Task to complete
The listing is to be returned word for word, without its images.

Dataset extract
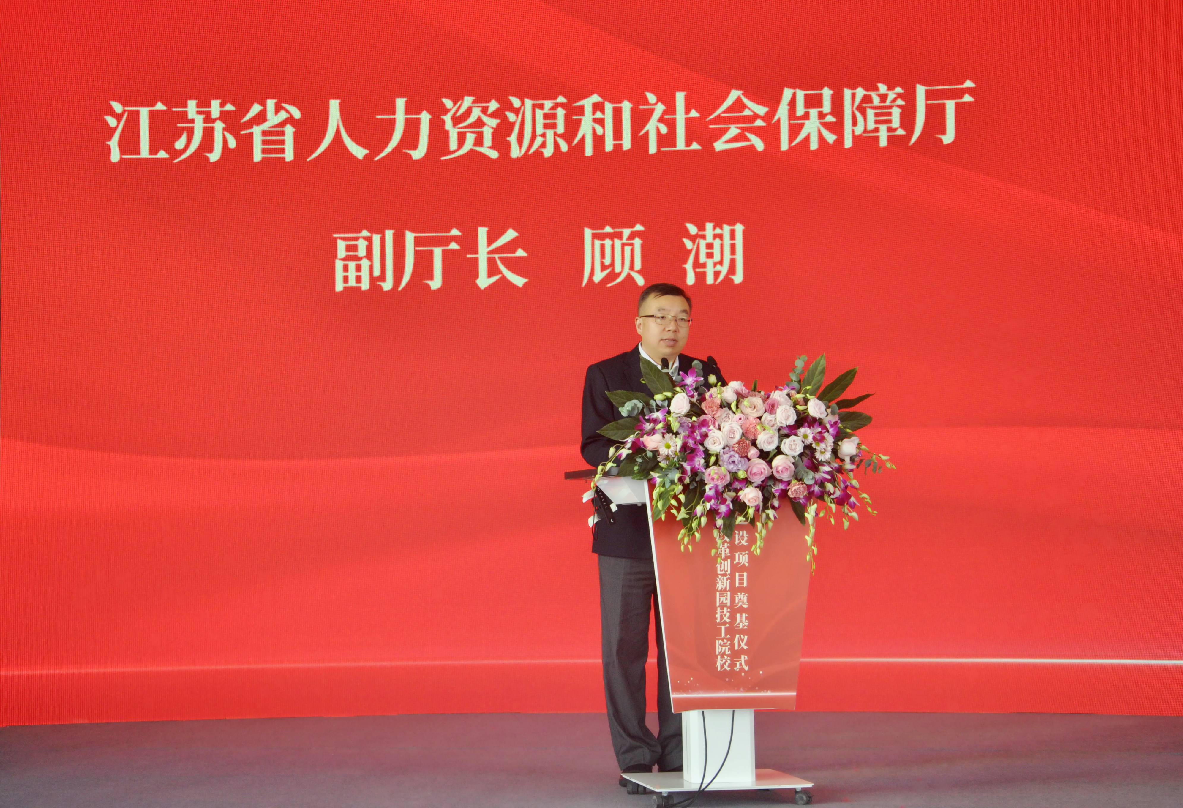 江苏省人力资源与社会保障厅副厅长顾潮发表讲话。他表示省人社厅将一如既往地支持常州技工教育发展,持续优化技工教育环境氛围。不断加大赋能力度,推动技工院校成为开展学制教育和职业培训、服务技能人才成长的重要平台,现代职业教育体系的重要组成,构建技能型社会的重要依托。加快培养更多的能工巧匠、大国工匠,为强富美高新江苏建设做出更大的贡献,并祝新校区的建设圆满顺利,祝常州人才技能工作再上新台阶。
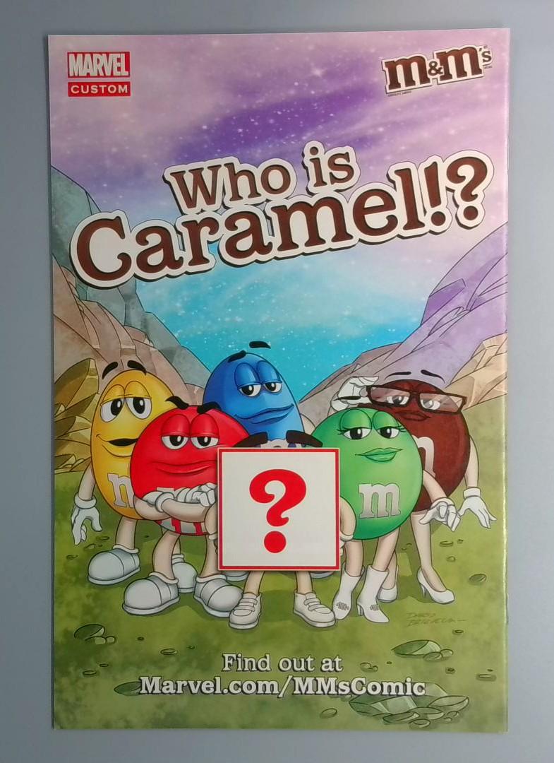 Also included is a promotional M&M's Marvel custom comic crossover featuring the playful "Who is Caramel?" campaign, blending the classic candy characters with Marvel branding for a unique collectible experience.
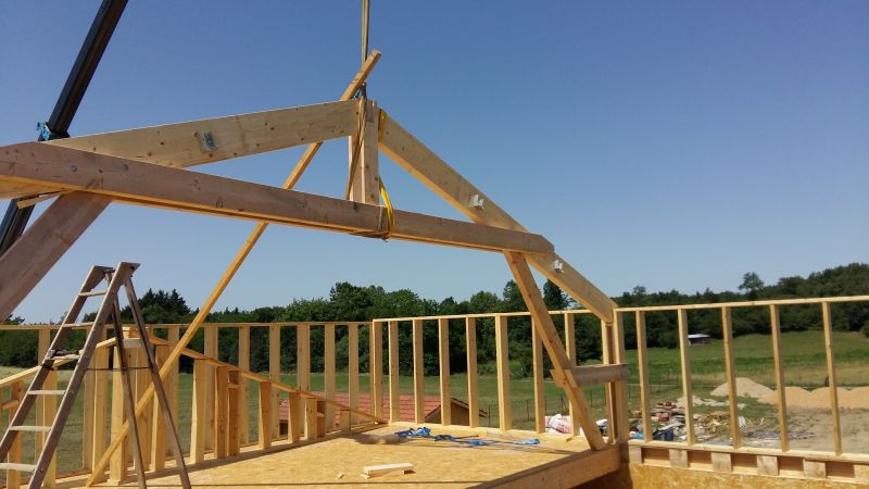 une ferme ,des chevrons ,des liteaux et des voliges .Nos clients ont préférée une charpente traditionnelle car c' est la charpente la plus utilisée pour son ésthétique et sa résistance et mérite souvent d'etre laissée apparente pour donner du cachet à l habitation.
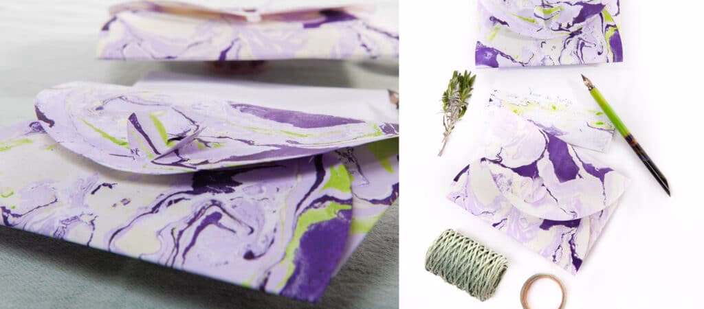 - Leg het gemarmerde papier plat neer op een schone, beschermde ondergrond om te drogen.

Exercise result
 江苏省人力资源与社会保障厅副厅长顾潮发表讲话。他表示省人社厅将一如既往地支持常州技工教育发展,持续优化技工教育环境氛围。不断加大赋能力度,推动技工院校成为开展学制教育和职业培训、服务技能人才成长的重要平台,现代职业教育体系的重要组成,构建技能型社会的重要依托。加快培养更多的能工巧匠、大国工匠,为强富美高新江苏建设做出更大的贡献,并祝新校区的建设圆满顺利,祝常州人才技能工作再上新台阶。
 Also included is a promotional M&M's Marvel custom comic crossover featuring the playful "Who is Caramel?" campaign, blending the classic candy characters with Marvel branding for a unique collectible experience.
 une ferme ,des chevrons ,des liteaux et des voliges .Nos clients ont préférée une charpente traditionnelle car c' est la charpente la plus utilisée pour son ésthétique et sa résistance et mérite souvent d'etre laissée apparente pour donner du cachet à l habitation.
 - Leg het gemarmerde papier plat neer op een schone, beschermde ondergrond om te drogen.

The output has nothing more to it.